- _Extracted material_
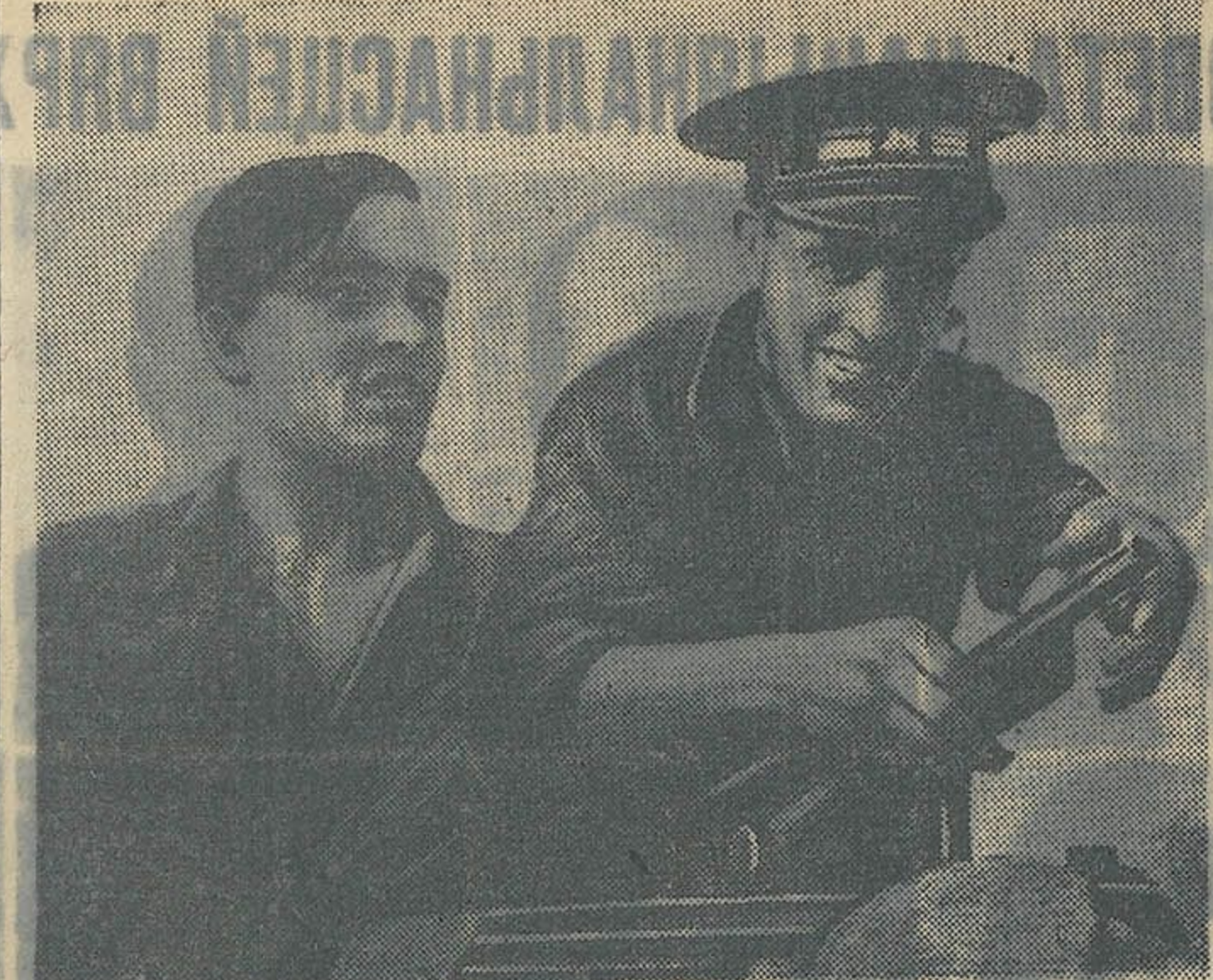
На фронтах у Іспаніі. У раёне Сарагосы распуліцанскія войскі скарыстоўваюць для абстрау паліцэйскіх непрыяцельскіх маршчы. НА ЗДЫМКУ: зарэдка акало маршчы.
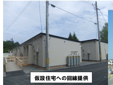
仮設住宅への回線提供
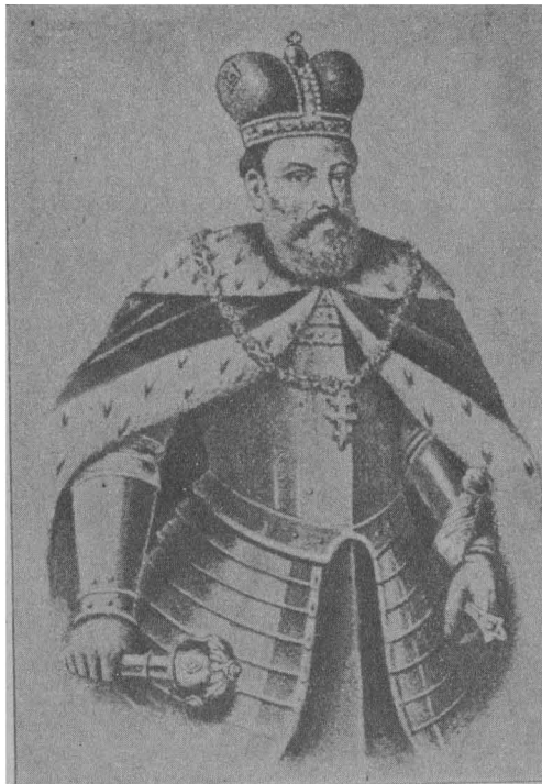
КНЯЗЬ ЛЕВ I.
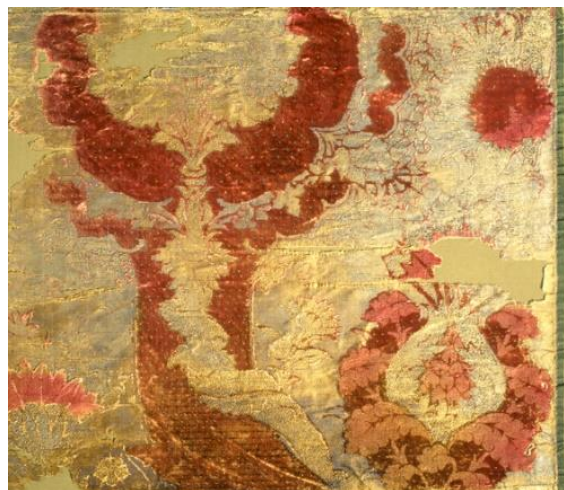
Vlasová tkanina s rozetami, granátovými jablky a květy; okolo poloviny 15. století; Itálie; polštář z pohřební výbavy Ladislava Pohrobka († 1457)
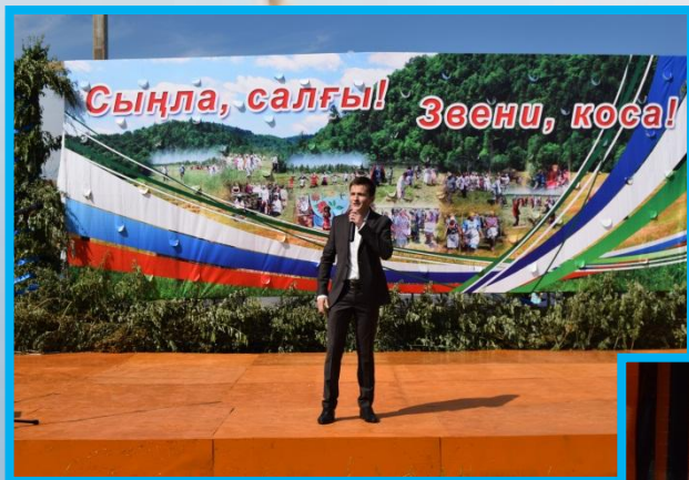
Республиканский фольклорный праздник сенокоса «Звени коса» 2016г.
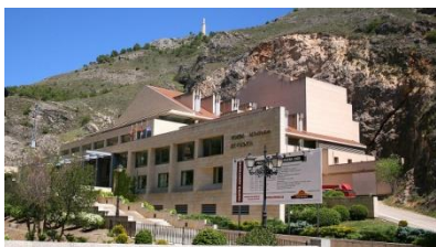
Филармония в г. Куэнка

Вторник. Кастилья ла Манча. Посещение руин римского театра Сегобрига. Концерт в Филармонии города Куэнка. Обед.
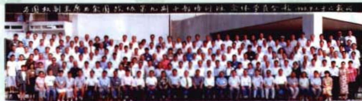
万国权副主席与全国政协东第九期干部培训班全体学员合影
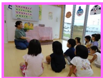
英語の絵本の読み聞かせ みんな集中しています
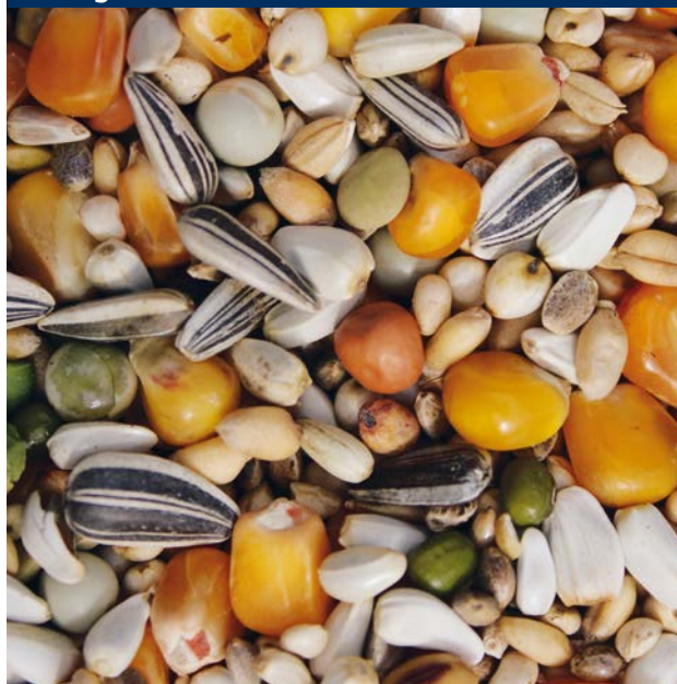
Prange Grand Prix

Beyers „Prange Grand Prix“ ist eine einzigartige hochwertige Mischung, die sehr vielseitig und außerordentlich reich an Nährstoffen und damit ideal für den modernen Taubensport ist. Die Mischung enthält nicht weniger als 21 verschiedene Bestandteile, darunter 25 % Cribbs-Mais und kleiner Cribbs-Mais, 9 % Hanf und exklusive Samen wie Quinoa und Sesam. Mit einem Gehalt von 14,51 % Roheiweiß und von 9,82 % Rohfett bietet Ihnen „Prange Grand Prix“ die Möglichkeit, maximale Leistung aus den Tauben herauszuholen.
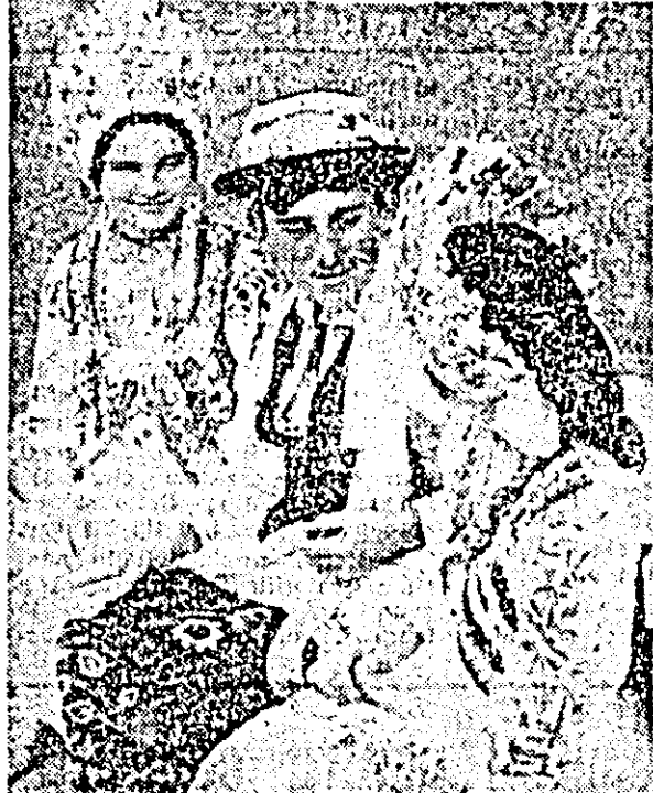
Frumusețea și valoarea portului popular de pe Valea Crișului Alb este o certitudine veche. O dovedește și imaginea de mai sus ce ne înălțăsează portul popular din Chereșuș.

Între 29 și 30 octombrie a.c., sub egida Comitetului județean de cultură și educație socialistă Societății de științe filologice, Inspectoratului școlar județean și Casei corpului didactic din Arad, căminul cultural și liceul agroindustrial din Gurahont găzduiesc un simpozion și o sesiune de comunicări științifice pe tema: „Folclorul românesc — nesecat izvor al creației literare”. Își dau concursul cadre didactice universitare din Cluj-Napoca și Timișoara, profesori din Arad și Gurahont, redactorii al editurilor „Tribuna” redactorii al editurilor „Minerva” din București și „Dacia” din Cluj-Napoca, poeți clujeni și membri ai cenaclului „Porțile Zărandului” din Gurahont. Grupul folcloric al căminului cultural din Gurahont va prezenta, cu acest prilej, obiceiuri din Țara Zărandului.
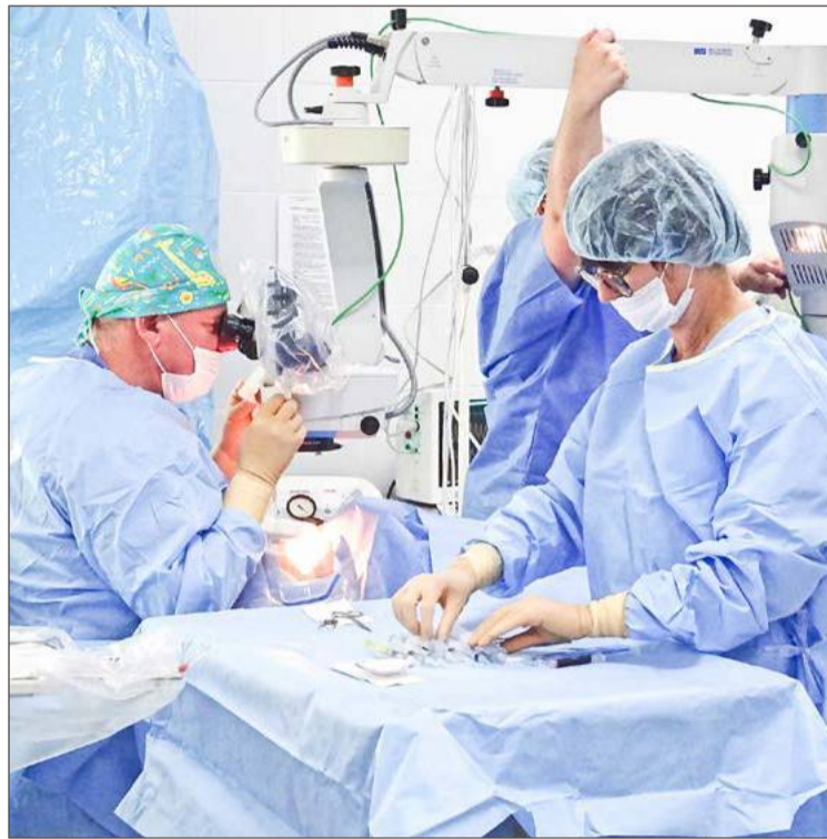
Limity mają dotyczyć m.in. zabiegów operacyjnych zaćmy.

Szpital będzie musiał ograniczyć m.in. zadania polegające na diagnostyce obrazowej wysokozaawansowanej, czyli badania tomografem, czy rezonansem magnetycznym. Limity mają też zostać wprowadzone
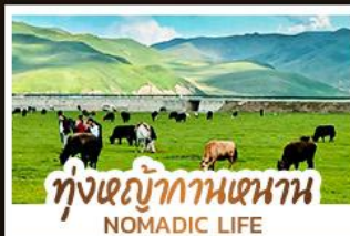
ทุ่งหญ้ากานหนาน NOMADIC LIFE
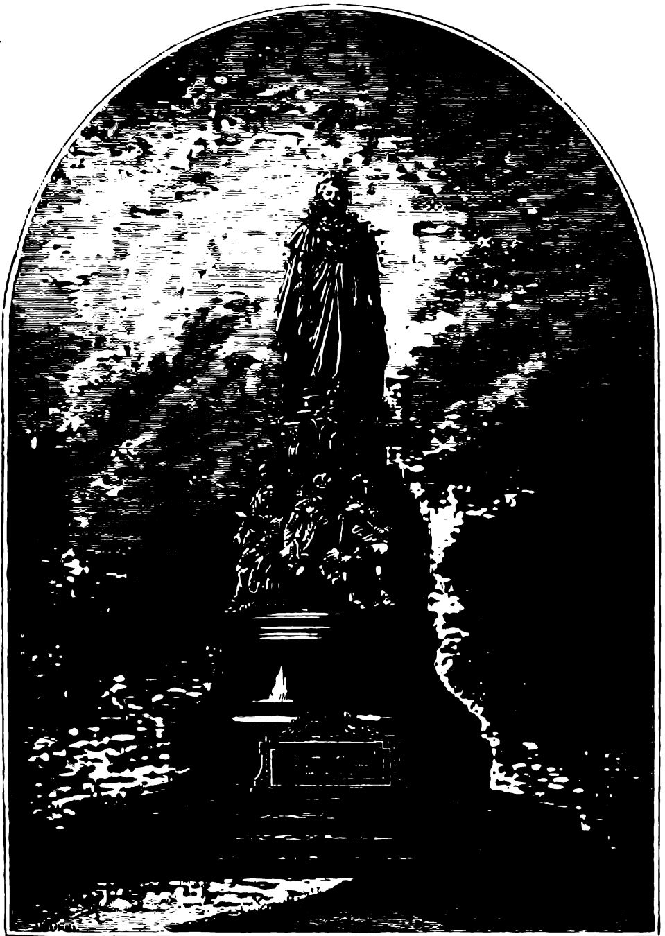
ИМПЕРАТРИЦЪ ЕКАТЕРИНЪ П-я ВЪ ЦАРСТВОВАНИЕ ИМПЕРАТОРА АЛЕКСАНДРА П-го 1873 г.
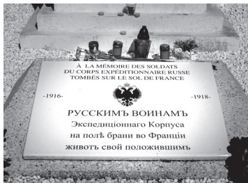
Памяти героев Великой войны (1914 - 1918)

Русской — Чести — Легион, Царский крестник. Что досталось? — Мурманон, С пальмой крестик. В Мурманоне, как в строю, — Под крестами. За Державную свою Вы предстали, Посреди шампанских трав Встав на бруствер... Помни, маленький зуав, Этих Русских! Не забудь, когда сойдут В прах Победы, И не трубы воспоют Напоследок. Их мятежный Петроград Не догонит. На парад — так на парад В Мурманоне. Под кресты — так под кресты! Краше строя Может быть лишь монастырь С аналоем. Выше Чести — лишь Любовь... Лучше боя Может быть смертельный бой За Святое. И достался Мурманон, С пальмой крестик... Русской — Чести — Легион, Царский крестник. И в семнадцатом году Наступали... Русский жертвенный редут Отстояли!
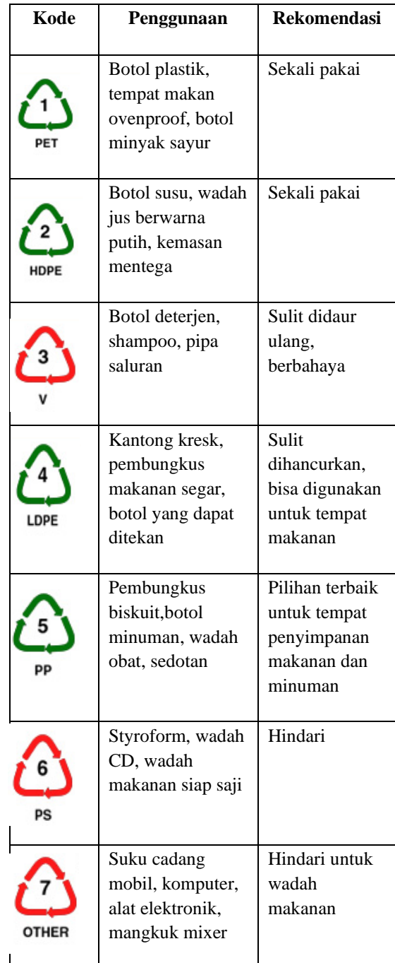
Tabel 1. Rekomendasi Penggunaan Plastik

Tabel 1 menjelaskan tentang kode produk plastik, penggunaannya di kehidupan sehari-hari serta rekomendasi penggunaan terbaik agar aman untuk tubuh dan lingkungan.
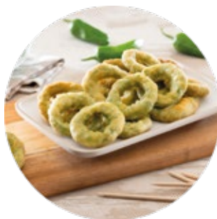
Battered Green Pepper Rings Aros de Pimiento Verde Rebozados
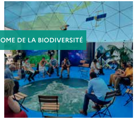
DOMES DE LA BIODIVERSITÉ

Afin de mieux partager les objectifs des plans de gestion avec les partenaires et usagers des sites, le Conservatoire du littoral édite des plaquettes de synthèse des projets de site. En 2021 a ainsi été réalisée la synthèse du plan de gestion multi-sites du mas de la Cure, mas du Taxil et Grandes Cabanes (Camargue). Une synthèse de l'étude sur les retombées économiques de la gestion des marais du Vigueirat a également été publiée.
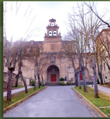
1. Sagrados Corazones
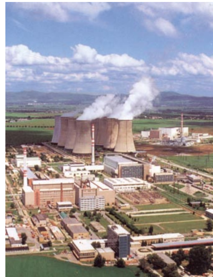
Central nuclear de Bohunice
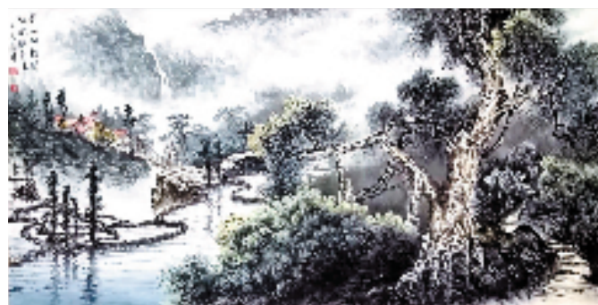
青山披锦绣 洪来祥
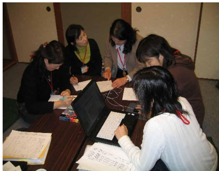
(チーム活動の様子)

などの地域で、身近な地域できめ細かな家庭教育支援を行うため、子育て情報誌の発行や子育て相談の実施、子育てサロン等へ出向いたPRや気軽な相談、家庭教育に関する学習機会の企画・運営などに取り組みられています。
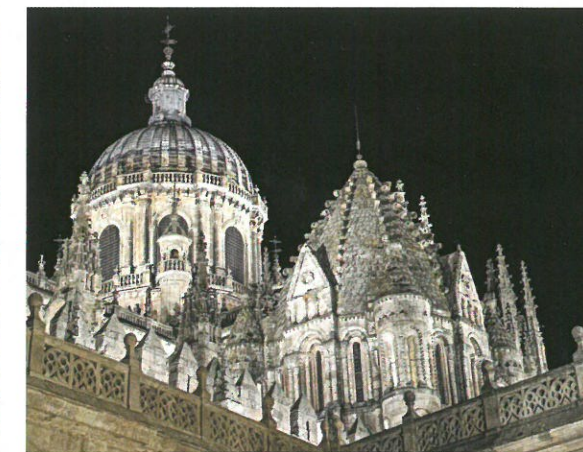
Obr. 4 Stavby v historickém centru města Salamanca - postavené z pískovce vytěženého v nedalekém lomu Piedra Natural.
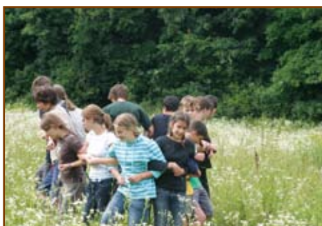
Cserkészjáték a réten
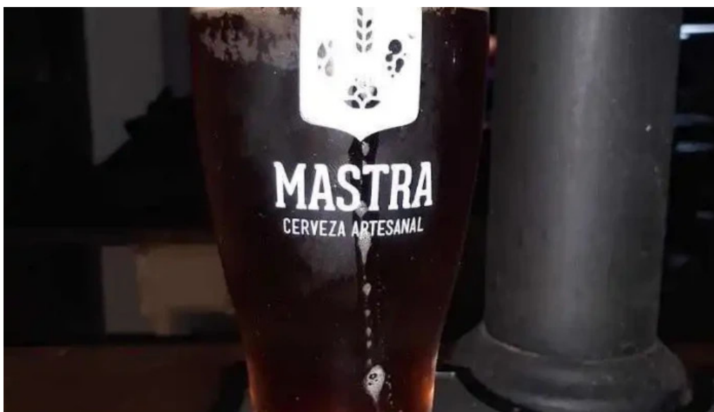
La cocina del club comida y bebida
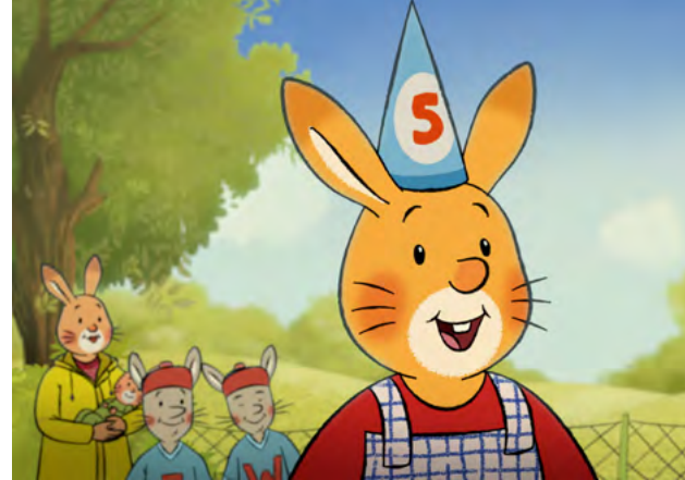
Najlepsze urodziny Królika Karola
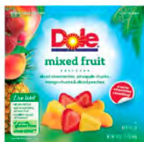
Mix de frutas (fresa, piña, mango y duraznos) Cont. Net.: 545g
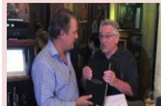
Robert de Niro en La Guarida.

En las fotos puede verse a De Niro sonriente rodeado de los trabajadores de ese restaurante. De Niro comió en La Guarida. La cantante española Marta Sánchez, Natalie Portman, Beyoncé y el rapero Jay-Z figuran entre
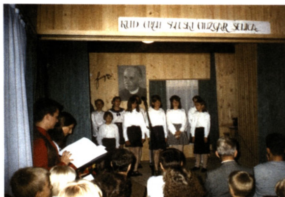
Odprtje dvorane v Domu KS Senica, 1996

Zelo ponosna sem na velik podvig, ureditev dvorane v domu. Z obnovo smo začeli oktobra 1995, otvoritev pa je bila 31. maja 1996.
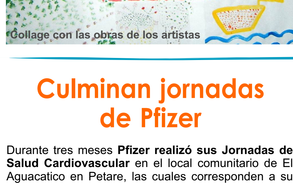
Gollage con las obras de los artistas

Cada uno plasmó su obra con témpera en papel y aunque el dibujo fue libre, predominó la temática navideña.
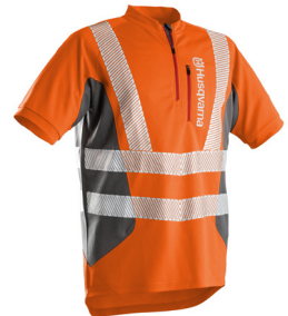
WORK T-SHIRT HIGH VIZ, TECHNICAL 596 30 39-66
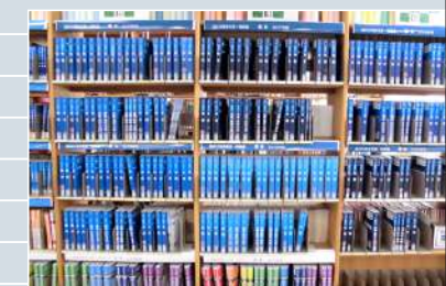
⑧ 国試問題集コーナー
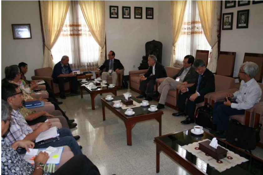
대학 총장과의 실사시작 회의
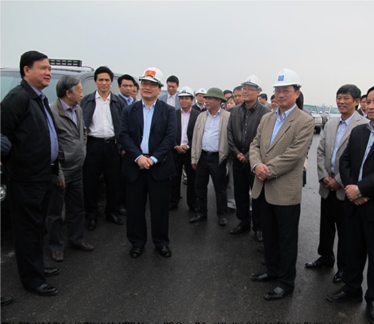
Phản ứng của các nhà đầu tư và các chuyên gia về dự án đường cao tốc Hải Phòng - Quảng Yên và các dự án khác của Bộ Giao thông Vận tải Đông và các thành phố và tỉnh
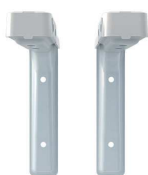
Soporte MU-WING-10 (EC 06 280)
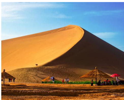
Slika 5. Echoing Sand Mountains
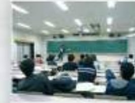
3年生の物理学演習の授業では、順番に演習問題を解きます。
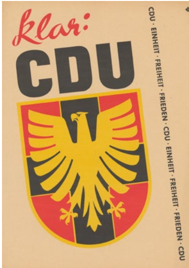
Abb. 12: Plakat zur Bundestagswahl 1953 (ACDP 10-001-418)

- _Exercise instructions_
Pictures are to be left out, and the lines from the beginning of the records through the line with "Vlasová tkanina s" are to be printed exactly, with nothing added.

- _Your response_
На фронтах у Іспаніі. У раёне Сарагосы распуліцанскія войскі скарыстоўваюць для абстрау паліцэйскіх непрыяцельскіх маршчы. НА ЗДЫМКУ: зарэдка акало маршчы.
仮設住宅への回線提供
КНЯЗЬ ЛЕВ I.
Vlasová tkanina s rozetami, granátovými jablky a květy; okolo poloviny 15. století; Itálie; polštář z pohřební výbavy Ladislava Pohrobka († 1457)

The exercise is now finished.